Inquiétude. Sur son carnet, il ne reste plus d'idées. Tous les journalistes la regardent. La Thénardier semble amusée. Les grands yeux verts en amande de la journaliste s'assombrissent.
J'ai trébuché. Clotilde est partie, la place de souffre-douleur est vacante. Cela ne sert plus à rien d'égrener des sujets. Maintenant elle dira non à tout, rien que pour me faire craquer. La seule manière de m'en tirer? Rester professionnelle. Ne pas prendre ces rejets comme quelque chose de personnel. Trouver un sujet qui la force à dire oui. Je n'ai plus qu'une carte à abattre. La dernière.
– Le cerveau, propose-t-elle.
– Quoi, le cerveau? répond sa supérieure hiérarchique en farfouillant dans son sac à main.
– Un article sur le fonctionnement du cerveau. Comment un simple organe parvient à fabriquer de la pensée.
– Un peu vaste. Il faudrait trouver un angle.
– La mort du docteur Fincher?
– Les échecs, tout le monde s'en fiche.
– Ce Fincher était un surdoué. Un explorateur qui a toujours essayé de comprendre comment fonctionne l'intérieur de notre crâne.
La chef de service prend son sac et, d'un coup, le retourne sur son bureau, amoncelant un tas d'objets hétéroclites allant du rouge à lèvres au téléphone portable en passant par un chéquier, un stylo, des clefs, une petite bombe lacrymogène, des médicaments en vrac.
La jeune journaliste poursuit son argumentaire, considérant que tant qu'on ne lui a pas dit non, le oui est possible.
– L'ascension de Samuel Fincher dans le monde des échecs a été fulgurante. Toutes les télévisions du monde ont retransmis l'événement. Et puis tac, il meurt le soir même de sa victoire dans les bras du top model Natacha Andersen. Pas d'effraction. Pas de blessure. Cause apparente de la mort: la jouissance.

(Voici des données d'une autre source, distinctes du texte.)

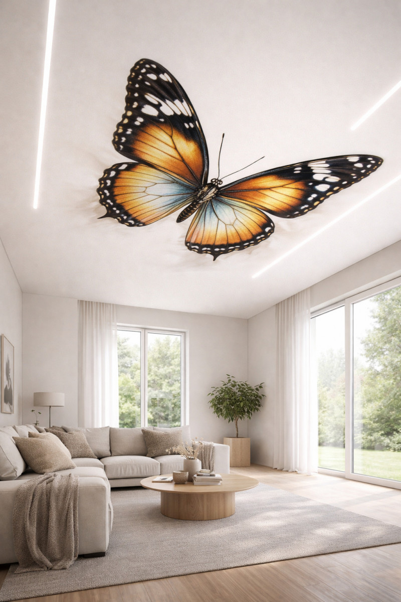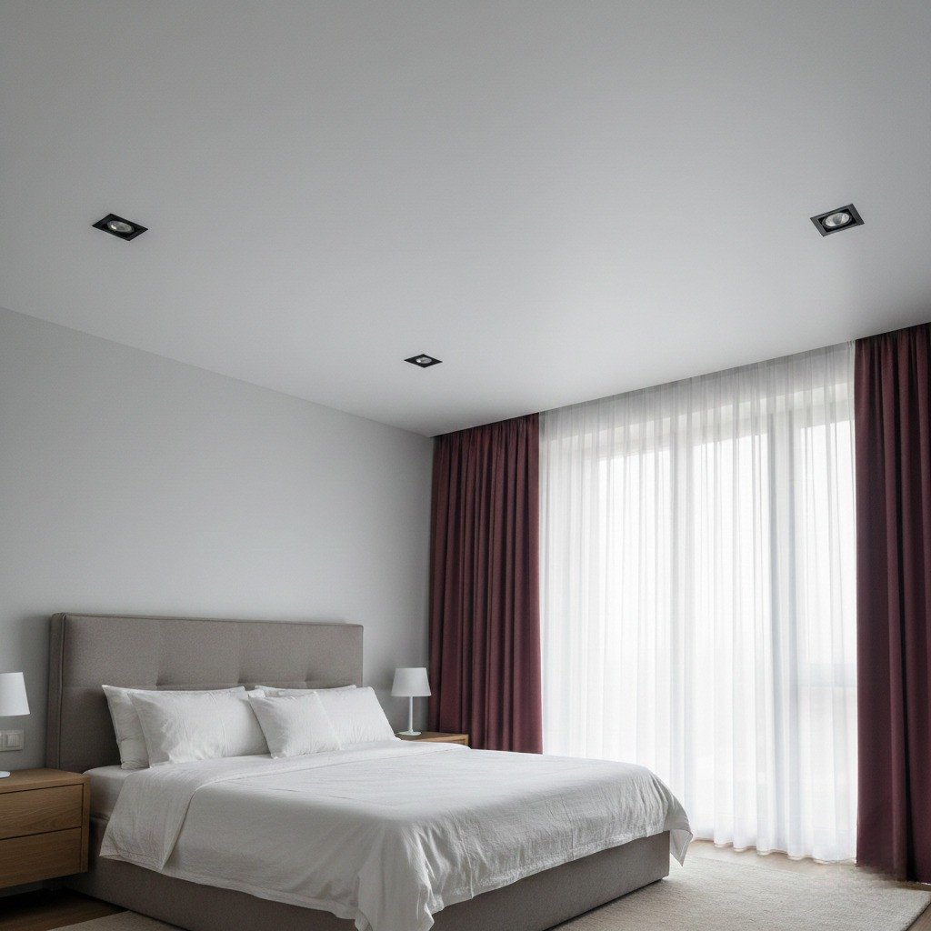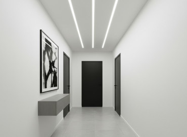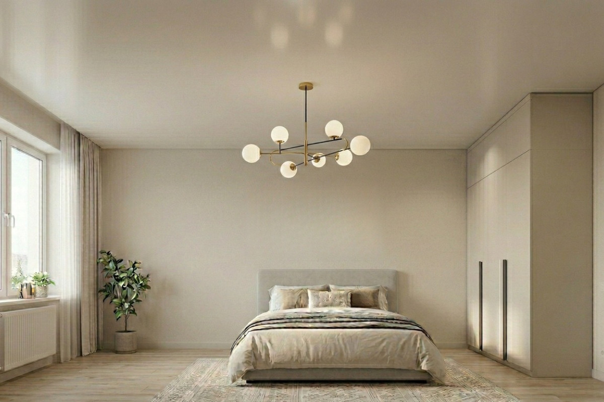 Любой вид освещения будет хорош с такой отделкой: от люстры, до точечных поворотных спотов, предназначенных больше для стены.
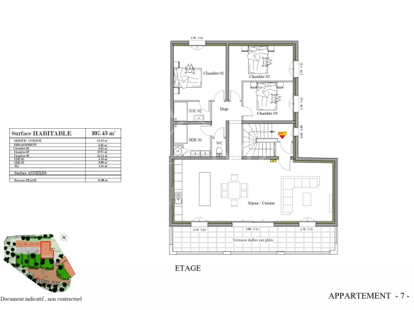Il contient trois chambres, dont une suite parentale avec sa propre salle d’eau, une seconde salle de bains, un WC séparé, et d’une belle pièce de vie d’environ 50m2 avec cuisine ouverte sur le séjour donnant sur une agréable terrasse pour profiter des extérieurs et du soleil.

La chef du service Société trouve enfin ce qu'elle cherche. Un cigare. Elle le dégage de son étui de cellophane et le hume.
– Mmm… Natacha Andersen, c'est ce superbe mannequin blond aux jambes interminables et aux grands yeux bleus qui a fait la couverture de Belle la semaine dernière, non? Est-ce qu'on a des photos d'elle déshabillée?
Olaf Lindsen, le directeur artistique qui jusque-là griffonnait sur un cahier, se réveille.
– Heu. Non. Malgré sa réputation sulfureuse, ou peut-être justement à cause d'elle, elle n'a jamais voulu poser nue. Seulement en maillot. Au mieux, disons en «maillot mouillé».
Christiane Thénardier tranche le bout de son cigare à l'aide d’une petite guillotine, mâchouille l'extrémité et crache un bout marron dans sa poubelle.